The metal-based composite material is a main structural material in the fields of aerospace, national defense and military industry, weaponry and the like due to the excellent comprehensive performance, particularly the remarkable characteristics of excellent structural designability, light weight, high strength, structural function integration and the like, but is influenced by the internal structural complexity and manufacturing defects of the composite material, and the service performance of the composite material is a bottleneck which restricts the structural safety and economy. The composite material has complex and various structural damage types and strong concealment of internal damage, damage cannot be found and taken in time to prevent damage accumulation, and serious potential insecurity can be brought to the work of the aircraft, even the aircraft fails suddenly. Therefore, the aircraft urgently needs a rapid and real-time structural health monitoring system, so that tiny damage is discovered and repaired in time, the accumulation of damage is prevented, and the reliable operation of the structure is ensured. So far, the self-perception mechanism of the composite material is mainly based on the mechanical resistance characteristic, the matrix is concentrated on the polymer, the cement and the ceramic, and the research on the self-perception characteristic of the metal matrix composite material is not reported. The resistance value of the resistor is related to stress, strain, damage and temperature, because carbon fibers have very high conductivity compared with polymer or cement matrix and these parameters have influence on fiber arrangement on a microscopic level, the phenomenon that the resistivity changes along with the change of strain is called piezoresistive effect, and because of the high conductivity of metal, metal does not have piezoresistive property. Therefore, the self-induction principle based on resistance measurement is not effective for metals.
Disclosure of Invention
In order to overcome the defects of the prior art, the invention aims to provide a metal matrix composite self-perception characteristic detection system and method based on continuous carbon core piezoelectric fibers, which realize in-situ detection of structural components by measuring piezoelectric signals and resistance signals of continuous carbon core piezoelectric fibers reinforced metal matrix composite in real time.

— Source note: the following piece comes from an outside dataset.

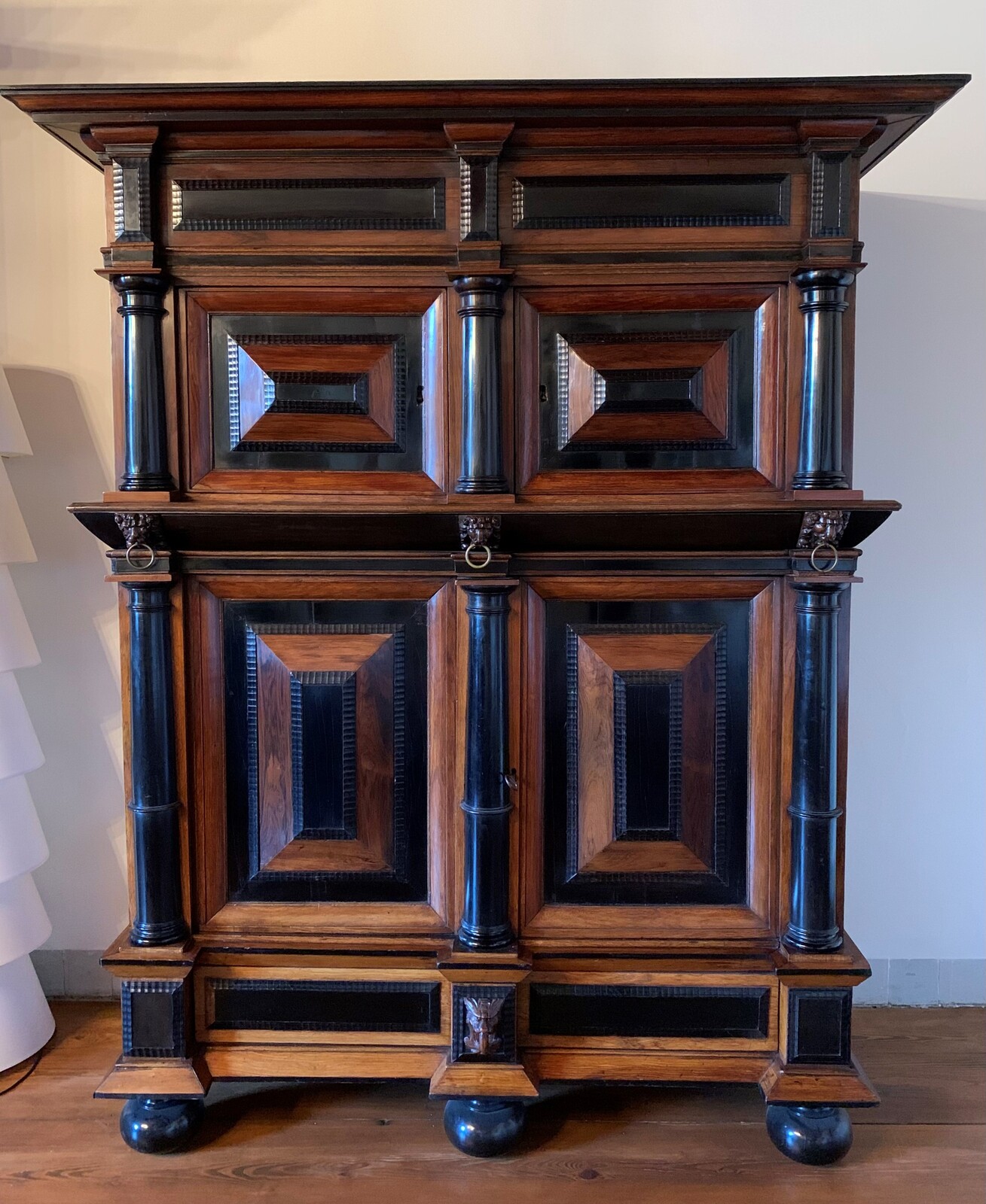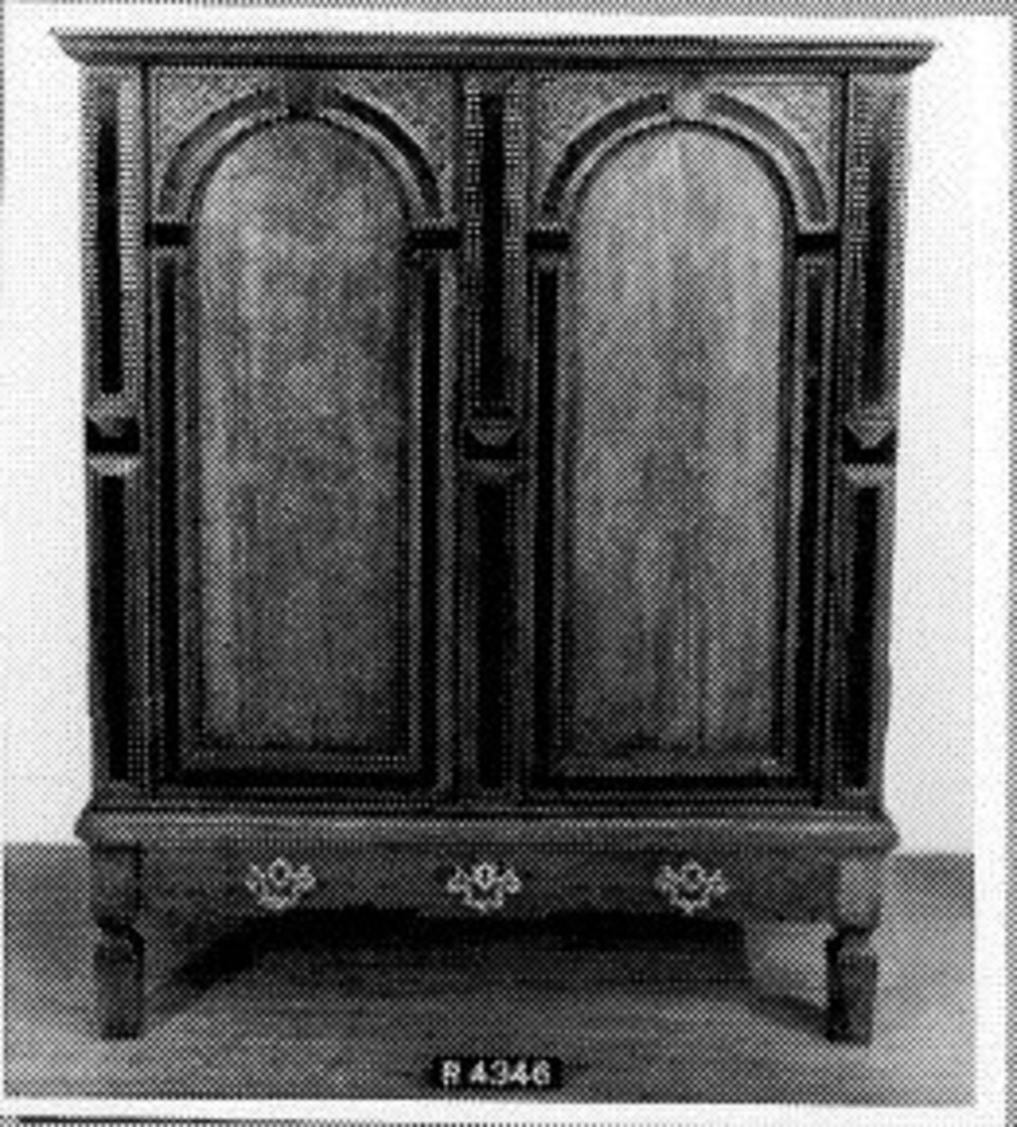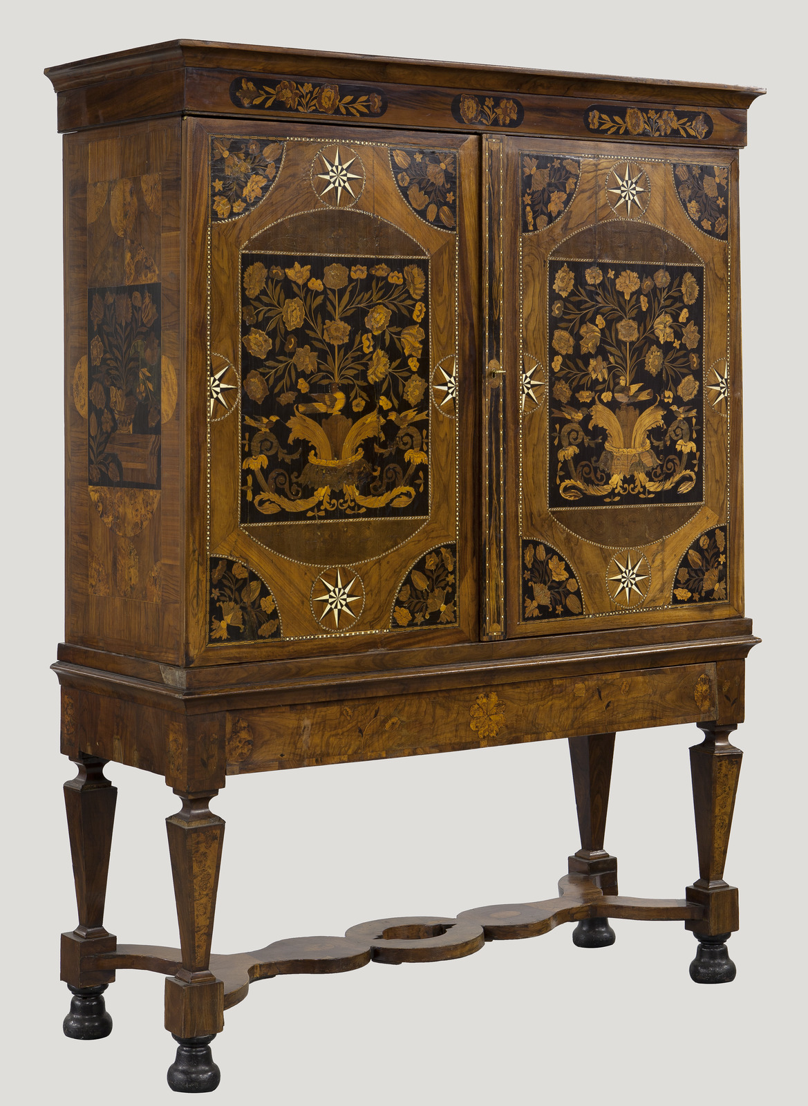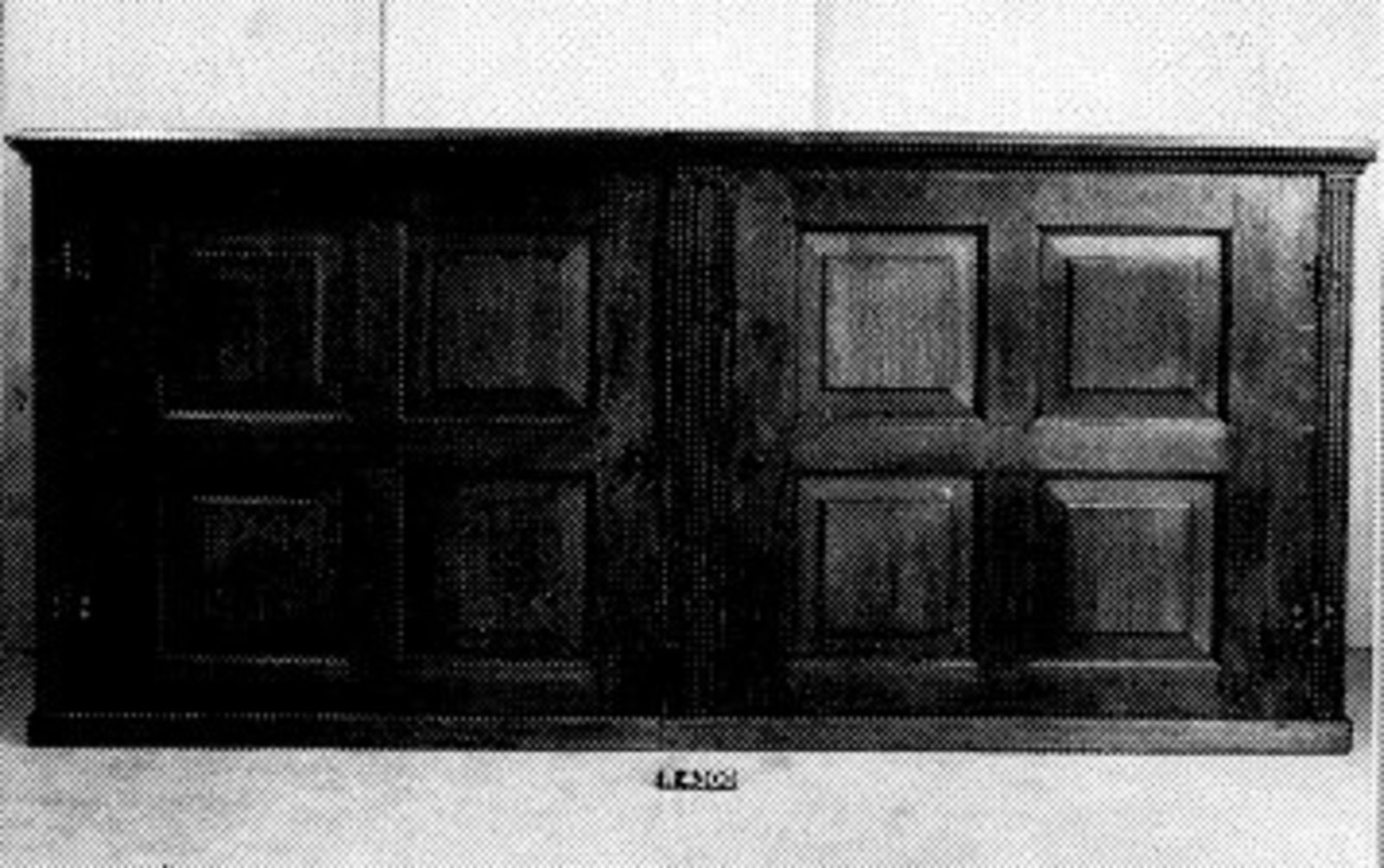 diverse houtsoorten belijmd met padoek- en cederhout, versierd met beschilderde wit marmeren plaquettes (1)

In order to achieve the purpose, the invention adopts the technical scheme that:
a metal matrix composite material self-perception characteristic detection system based on continuous carbon core piezoelectric fibers comprises a metal matrix composite material of continuous carbon core piezoelectric fibers, wherein the metal matrix composite material of the continuous carbon core piezoelectric fibers is composed of a metal matrix 1 and a continuous carbon core piezoelectric fiber cross-linked network woven layer, the continuous carbon core piezoelectric fibers are composed of a carbon core 3 and a piezoelectric ceramic coating layer 2, and the carbon core 3 is positioned in the center of the continuous carbon core piezoelectric fibers; each carbon core 3 in the continuous carbon core piezoelectric fiber cross-linked network braided layer is used as a positioning electrode end and is connected with a charge amplifier; the metal matrix 1 is used as a common electrode end and is connected with the other port of the charge amplifier; the health state of the structural component is monitored in real time by reading data on a computer through the charge amplifier and the data acquisition card.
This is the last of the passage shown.